Seeking justice for Nemotron!! โ
@Smorty100 you're missing my point. Different engines return different results based on how they work. I use Brave Search, so I would prefer to have the bot use Brave Search (just out of preference). Believe me, I know that any cloud based AI chat is not "private"
im using some assistants and all of them give me answers with number or repeat the same words, 2 different conversation for example ,
https://hf.co/chat/r/vvfwRaj?leafId=aafc3ff0-e059-4c20-a030-13a3396eca92 and https://hf.co/chat/r/QAzWpob?leafId=f3eb30ea-69ad-4a41-983c-a7847a83dbcd
@Smorty100 I just realized that while you tagged me, your response was for @Phaser69 's comment right above mine.
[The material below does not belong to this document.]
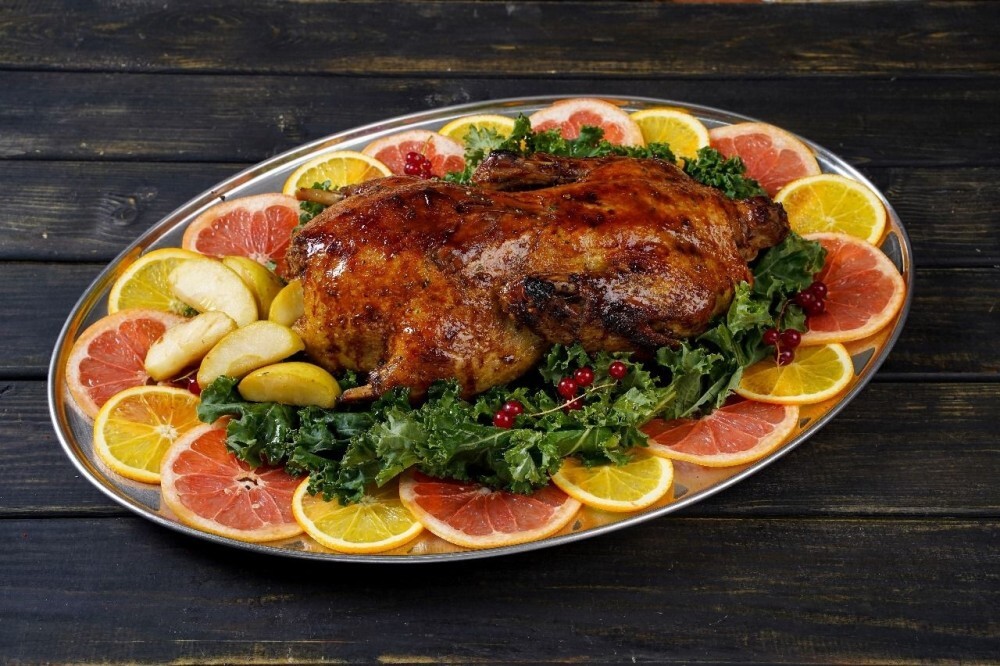 Утка, фаршированная яблоками и приготовленная в утятнице целиком. Цена за 1 кг. Выход готового блюда около 2 кг.
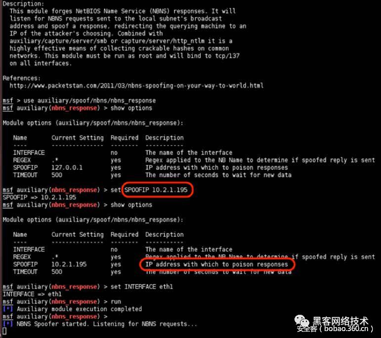 通过设置 SPOOFIP 为攻击者攻击机的地址,然后再配合metasploit中抓取hash的模块比如auxiliary/server/capture/smb 和 auxiliary/server/capture/http_ntlm.我们就可以抓到ntlm hash 然后破解他.

Really happy that after so long, we have a coding LLM. QWEN is killing it with their different LLMs. Just look at Qwen/Qwen2.5-Coder-Artifacts This is so amazing, QWEN 2.5 Turbo, VL. All of them are so worthy. We would love to see more of QWEN AIs being implemented in HFC. Loving them
nvidia/Llama-3.1-Nemotron-70B-Instruct-HF is currently not good for long conversations. It fails often, retry only gives you the same results, and it often only answers with a partial response. It might be more suitable for short sessions in its current form. Maybe this is just due to my internet connection. I don't know if enabling streaming tokens makes a difference. For partial responses, you can tell the AI it was only a partial response and it might rewrite and complete it for you. My actual prompt was, "this is an incomplete mess." But that was enough to get the desired results. Adding a command like the one below can make this easier. Just type ?? on a line by itself.
<??> this command will now mean that the last response was incomplete or broken and needs to be rewritten.
Never mind. It seemed to forget the command not too long in. Just typing "rewrite" seems to work, even if you have to do it multiple times just to get decent output.